World War II and its disasters, and later the Civil War, resulted in the desolation of the place. It was difficult to live in an inaccessible place, without roads, without electricity, without other facilities, and especially without the great activity and profits that it had in the past. So it is left with a few permanent residents today.
Syrrako gave to Greece great men such as the poet Kostas Krystallis (1868-1894), Ioannis Kolettis (1774-1847), the first constitutional prime minister of Greece, George Zalokostas (1805-1858) poet and fighter of 1821.

Also the chieftains Katsikogiannis, Lepeniotis and others, the benefactors G. Yianniotis, S. Baltatzis, G. Ikkos and others, as well as many other men of letters, arts and commerce came from Syrrako.

Stone bridges

Pounda Nouaoua or New Bridge: It is the first bridge we meet at the entrance of the village. It is a single arch with a flat deck and was built in 1800, but we do not know either the builder or the sponsor, since there is neither inscription nor oral testimony. It is kept in good condition, although without any repairs or maintenance. They named it like that as to distinguish it from the neighboring and older bridge. Next to it is the Fantanitsia tap (presumably from the Italian fontana that means a spring or tap).

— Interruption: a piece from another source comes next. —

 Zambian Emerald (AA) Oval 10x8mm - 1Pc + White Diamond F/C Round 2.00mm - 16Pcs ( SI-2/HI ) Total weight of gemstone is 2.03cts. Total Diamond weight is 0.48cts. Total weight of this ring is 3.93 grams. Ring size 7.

Pounta Viaklia Bridge (old bridge) or Nik bridge: After the previous and at the entrance of the village, built in 1938 on an older one. In a close distance there is a watermill.

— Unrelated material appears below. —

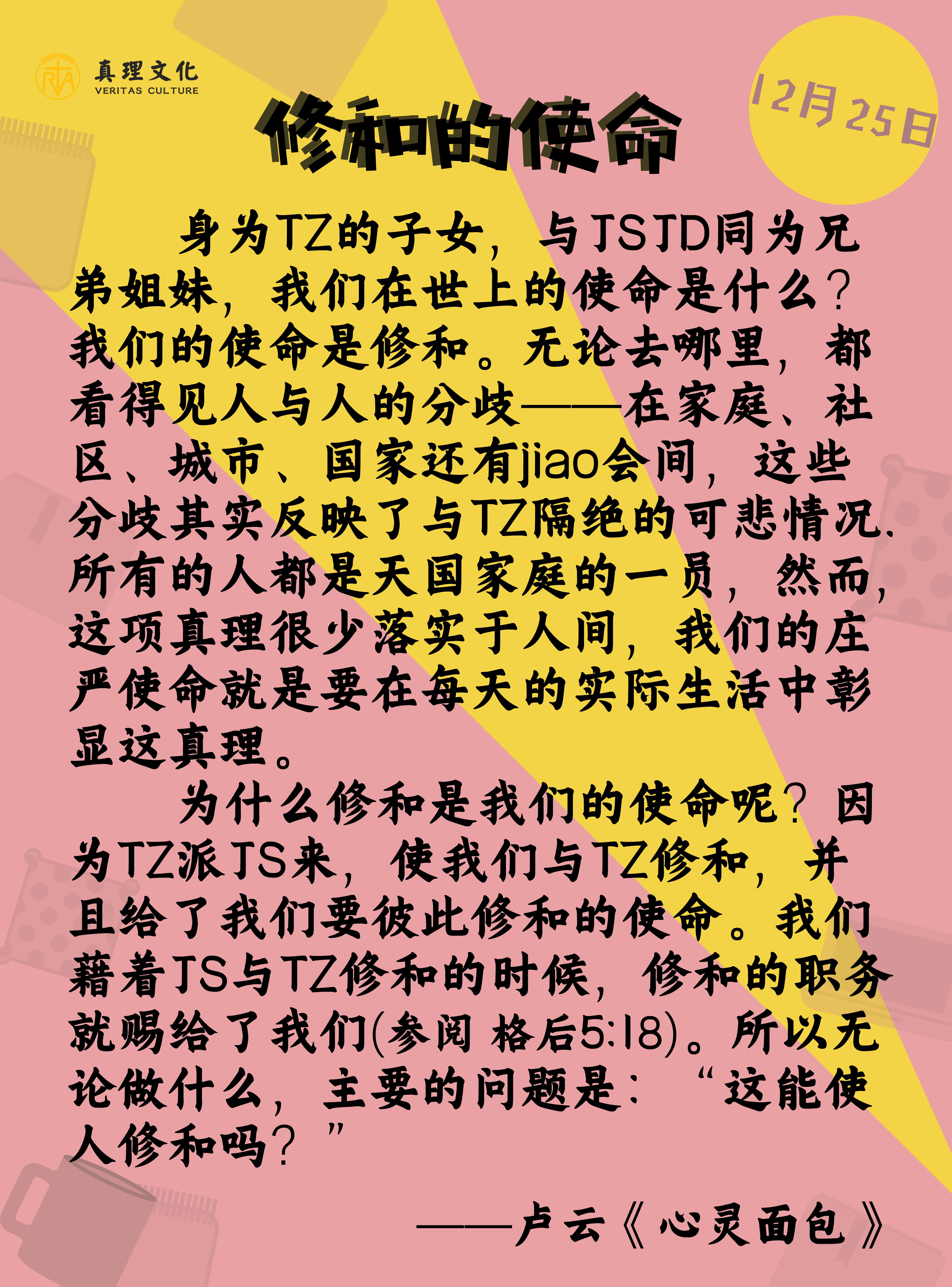 这样的一个大喜讯,絶不能只有少数人获悉,但要给世界广传!传报福音的使命,无需等待耶稣复活才开始,而是此时此刻,当我们经验到天主与我们同在,便要全心全灵全力地去同他人分享。在我们与亲朋好友庆祝圣诞节的日子,让我们透过默观主耶稣降生成人的奥迹,更深入地认识到那位时刻与我们同在的天主,更仔细品味祂的永恒大爱。

Bridge in Siopatos: A stone-made single-arch bridge that bridges the stream that starts from the Source of Siopatos and is poured into the Chrousia tributary of Kalarrytikos. It is located at the top of the village just below the ring road. It is unknown when and by whom it was built, but the money was given by the nuns to be able to go to the nearby Kalogretsi tap.


Dyo Vryses (which means two stone fountains): A nice vaulted building with two stone troughs, near Zalokostas Mansion. It was built in 1876 by the great merchant N. Palios.

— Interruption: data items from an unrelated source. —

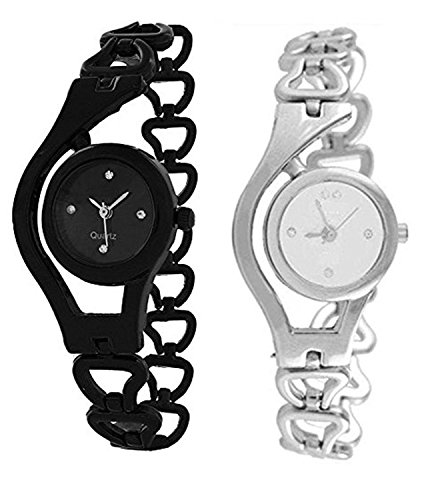 TESLO Analog Full Black & Silver casual and Round style Combo watch OR party wedding and wrist watch of formal watch and look for girls , women and collage teenagers (pack of 2)||
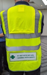Chaque usine Toyota dans le monde où je suis allé possède une « barrière de sécurité » à l’entrée de l’usine. Cela symbolise qu’un employé entrant dans l’usine est responsable de sa propre sécurité (et de celle des autres). Le premier comité de sécurité et de santé et les activités organisées par la Semaine de la sécurité chez Toyota Motor remontent à 1938, quelques années seulement après sa création en 1933. Leur objectif est zéro accident, en se concentrant particulièrement sur les dangers liés (1) aux machines en mouvement, (2) aux objets lourds, (3) contact avec des véhicules, (4) chutes, (5) choc électrique et (6) températures élevées. La sécurité est également l’un des principaux volets du Toyota Hoshin Kanri, leur structure permettant de fixer des objectifs de haut en bas dans toutes les hiérarchies. J’ai même trouvé des rappels sur la sécurité au dos de certains de leurs gilets de sécurité à haute visibilité, déclarant : « Si je parie avec ma vie, je joue avec la sécurité. ». (Même si pour moi, cela se lirait mieux dans l’autre sens : « Si je joue avec la sécurité, je parie avec ma vie. »)
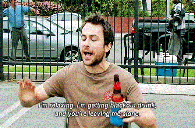 I get it: end of a long week, done with people already, and just ready to not do anything except the activity above. Hopefully you don't get too drunk like Charlie does, so stay safe!

Spring of Goura: Above the square, near Agios Nikolaos. It is a masterpiece of architecture, perhaps the best of the village covered by a large but lovely curved dome, made from the pumice stone “Gigonara”, the name of the site from which it was mined. The terraces are a later addition, apparently for practical reasons (eg touching the barrels, etc.), but they are definitely a disagreement and spoil the beautiful image of the source. Tradition says that here they found the image of St. Nicholas.

Spring of Condol: Above Goura: It has also been saved from the great destruction of 1821. It has two stone cubicles, built in the background and housed in a semicylindrical stone dome on which there is a garden!